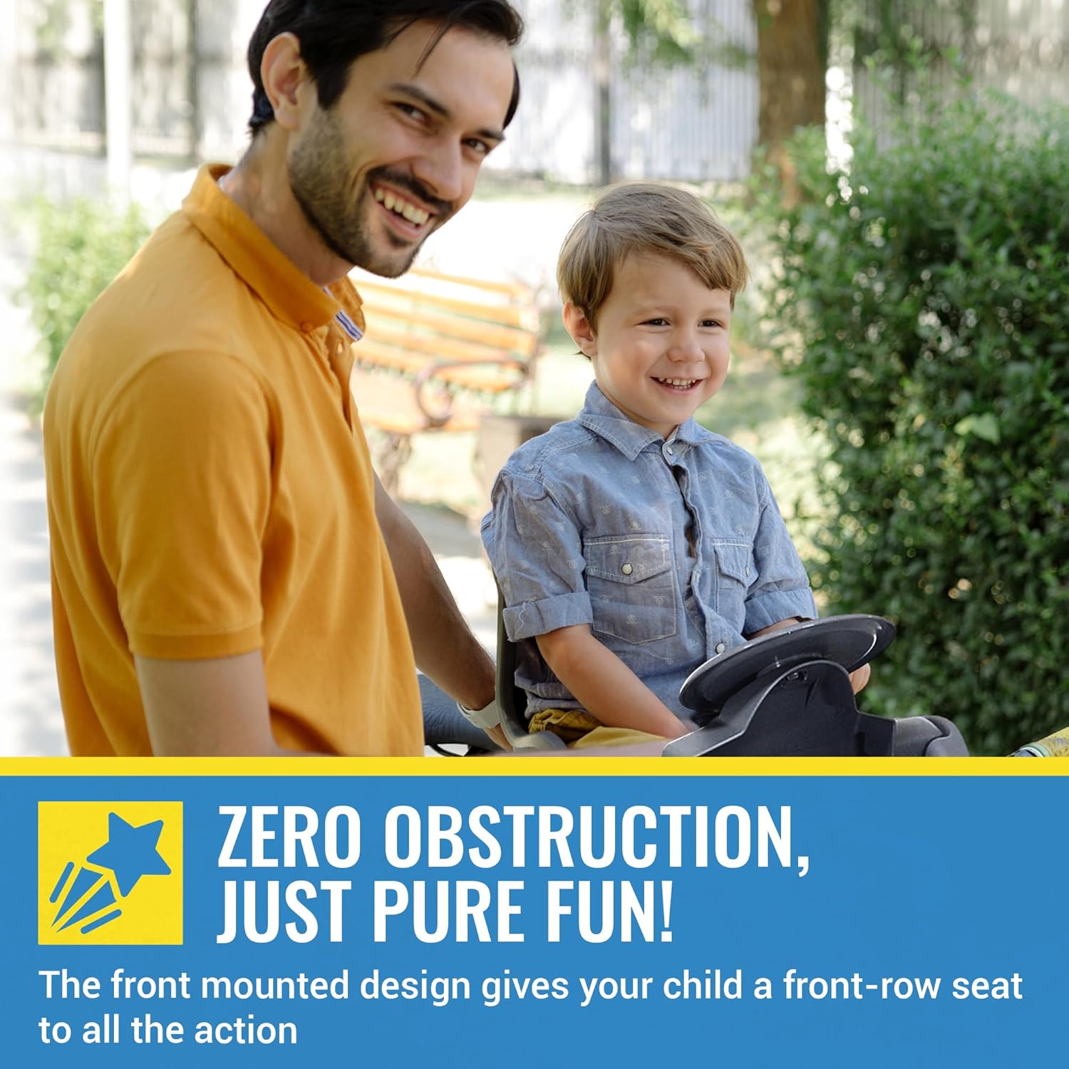 - Safety Conscious: This child seat for bikes comes equipped with an adjustable 3-point safety harness which secures your child firmly in the padded seat, preventing them from moving or falling out. The seat also includes a steering wheel dashboard for fun.
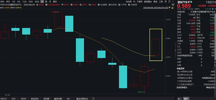 6月24日,智能网约车、无人驾驶概念盘初活跃,$港股汽车ETF(159210)跳空高开,一度涨3.02%,现涨超2%!
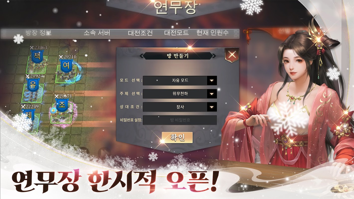다양한 컨텐츠를 통해 힘을 기를 수 있습니다. 주점에서 술을 이용하여 장수를 모집할 수 있으며, 과거 유비가 제갈량을 모시던 삼고초려의 방식보다 더 성의 있는 모집 방식이라 자부합니다!
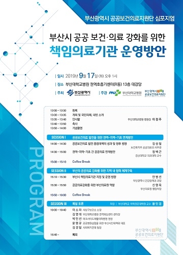 부산광역시 공공보건의료지원단은 오는 17일 오후 1시 부산대병원에서 ‘부산시 공공보건의료 강화를 위한 책임의료기관 운영방안’을 주체로 심포지엄을 개최한다.
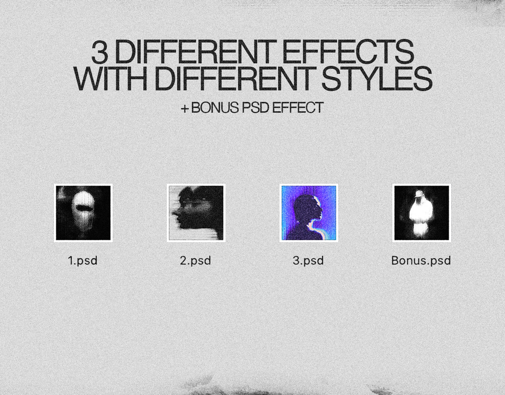 - 3 PSDs + 1 PSD Bonus Grainy Sandstorm Distortion Image Effect
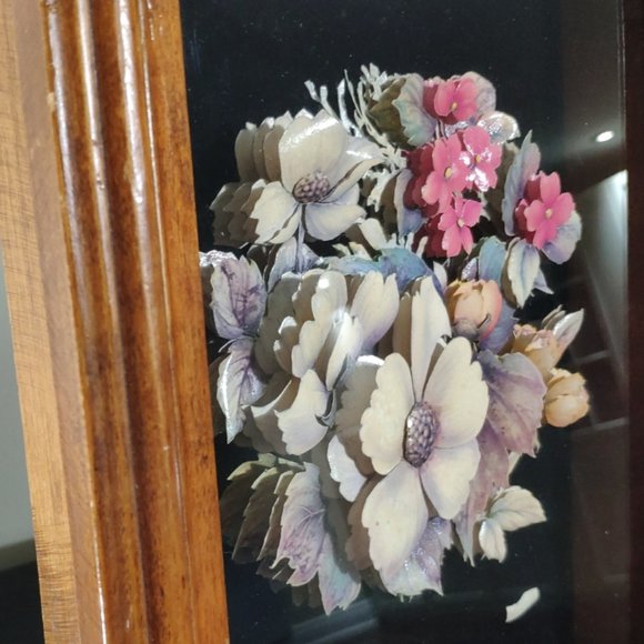 Vintage Paper Tole 3 Dimensional Art, Floral Bouquet, 3 and 4 layers at different areas of the Paper Art, Encased in Shadow Box Frame and protected by Glass, Signed "Nicole" 12 inches in height, 10 inches in width and 2.25 inches deep. Very Good Vintage Condition, no chips, no cracks, some light wear on the frame, stand not included, please see pictures for further details
··········
▶ [Work to complete] Would you reproduce the listing above exactly, without any of its images?

▶ [Solution to the exercise]
 - Safety Conscious: This child seat for bikes comes equipped with an adjustable 3-point safety harness which secures your child firmly in the padded seat, preventing them from moving or falling out. The seat also includes a steering wheel dashboard for fun.
 6月24日,智能网约车、无人驾驶概念盘初活跃,$港股汽车ETF(159210)跳空高开,一度涨3.02%,现涨超2%!
다양한 컨텐츠를 통해 힘을 기를 수 있습니다. 주점에서 술을 이용하여 장수를 모집할 수 있으며, 과거 유비가 제갈량을 모시던 삼고초려의 방식보다 더 성의 있는 모집 방식이라 자부합니다!
 부산광역시 공공보건의료지원단은 오는 17일 오후 1시 부산대병원에서 ‘부산시 공공보건의료 강화를 위한 책임의료기관 운영방안’을 주체로 심포지엄을 개최한다.
 - 3 PSDs + 1 PSD Bonus Grainy Sandstorm Distortion Image Effect
 Vintage Paper Tole 3 Dimensional Art, Floral Bouquet, 3 and 4 layers at different areas of the Paper Art, Encased in Shadow Box Frame and protected by Glass, Signed "Nicole" 12 inches in height, 10 inches in width and 2.25 inches deep. Very Good Vintage Condition, no chips, no cracks, some light wear on the frame, stand not included, please see pictures for further details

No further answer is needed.